You can run the web server on your local machine simply with:
```
python add_server.py
```

Navigating to [http://localhost:5000/](http://localhost:5000/) should display the text:
```
Hello, this is a simple service that adds two numbers.
```
We can retrieve the results of adding two arbitary numbers on our web service by passing the URL with a query string, for instance:

[http://localhost:5000/add?digit1=10&digit2=20](http://localhost:5000/add?digit1=10&digit2=20)

## Stress Testing

An important feature of a production service is the ability to handle high volumes of requests concurrently.

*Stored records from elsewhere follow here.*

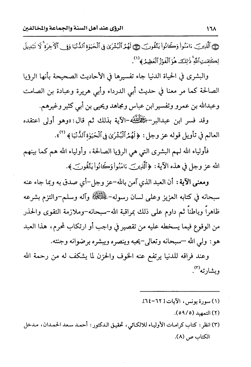 فأولياء الله لهم البشرى التي هي الرؤيا الصالحة، وأولياء الله هم كما بينهم الله عز وجل في هذه الآية {الَّذِينَ آمَنُوا وَكَانُوا يَتَّقُونَ}.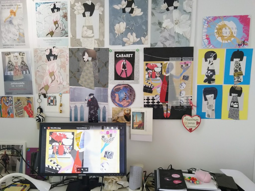 Päivitin voimakuvani tietokoneen takana. Olen kiinnittänyt osan tarroilla, jotka olivat väsyneet. Nyt silmäniloa riittää kannustamaan tulevaa luomisvimmaa.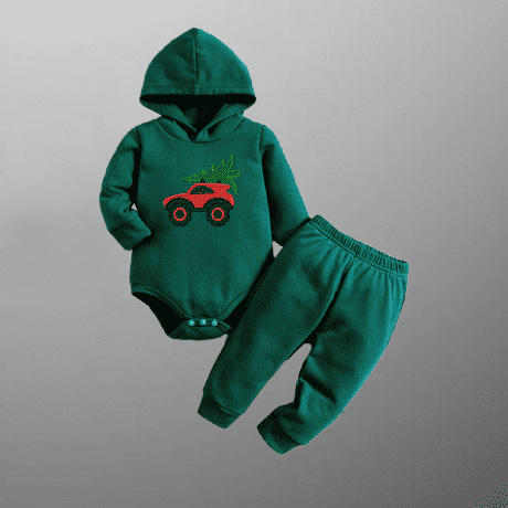 Toddler’s Teal Green Hooded Romper and Bottom-RKFCTT101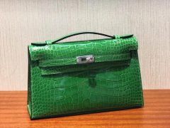 Hermes Mini Kelly pochette 亮面方块鳄鱼皮革 1L仙人掌绿 银扣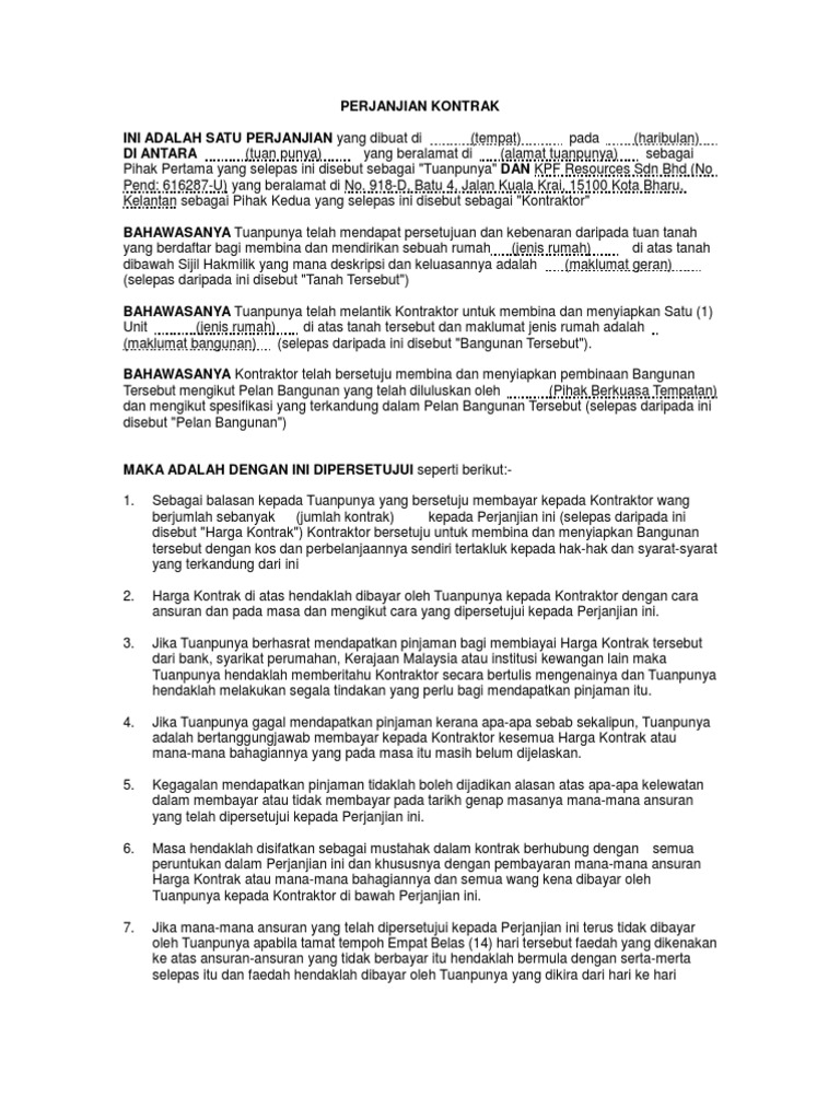 Contoh Perjanjian Kontrak Bina Rumah Pdf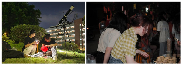 此外,学院还邀请到了茶艺社与天文社现场助阵,在茶香里感受“但愿人长久,千里共婵娟”的美好愿景,通过望远镜领略“却下水晶帘,玲珑望秋月”的意境,为游园会增添了几分情趣。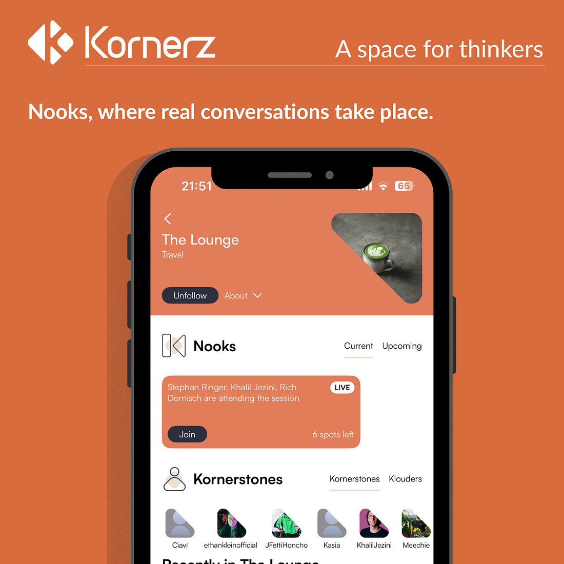 This new User Experience or UX is the clearest path yet to that promise. We’ve replaced the ‘feed’ with a curated ecosystem of Korners—each one a thematic community led by vetted Kornerstones. But the heart of the experience is the Nook: an opt-in, video chat room strictly limited to 9 people.

We're going to test our simple addition service using the Python `multiprocessing` module:

```
stress_test.py
```

In [None]:
import requests
import json
import argparse
import numpy as np
from tqdm import tqdm
from urllib.parse import urljoin
from time import time
from pathos.multiprocessing import Pool


def stress_test_worker(payloads, port):
    """
    Worker function for a single thread of the stress test.
    """
    baseurl = f'http://localhost:{port}'
    url = urljoin(baseurl, 'add')
    query_times = []
    successful_count = 0
    ntests = len(payloads)
    with tqdm(range(ntests), mininterval=2) as pbar:
        for payload in payloads:
            start = time()
            url_args = urljoin(url, payload)
            result = requests.request('GET', url_args)
            query_times.append(time()-start)
            if result.status_code == 200:
                successful_count += 1
            pbar.update()
    print('Worker finished. Successful request percentage: '
          f'{successful_count/ntests}')
    return query_times


def stress_test(nworkers=6, npayloads=10, port=5000):
    """
    Perform stress test on get_cluster_id with multiprocessing.
    """
    payload_list = [['?digit1={}&digit2={}'.format(
                        np.random.choice(range(10)),
                        np.random.choice(range(10)))]*npayloads
                    for num in range(nworkers)]
    with Pool(nworkers) as pool:
        time_list = pool.map(lambda x: stress_test_worker(payloads=x,
                                                          port=port),
                             payload_list)
    flat_times = [t for chunk in time_list for t in chunk]
    print(f'Average query time for {nworkers} workers and {npayloads} '
          f'requests per worker: {np.mean(flat_times):.4f} seconds')


def _parse_arguments():
    parser = argparse.ArgumentParser()
    parser.add_argument('--port', type=int, default=5000)
    parser.add_argument('--nworkers', type=int, default=6)
    parser.add_argument('--npayloads', type=int, default=1000)
    return parser.parse_args()


if __name__ == "__main__":
    args = _parse_arguments()
    nworkers = args.nworkers
    npayloads = args.npayloads
    port = args.port
    stress_test(nworkers, npayloads, port)

**Exercise: ** Create a web service to host the result of a feedforward neural network trained on MNIST. It should include:
1. Lazy loading of the Keras model object.
2. A predictive endpoint that accepts a `GET` request containing a `json` payload of the flattened input image array and returns the integer of the predicted class corresponding to this array.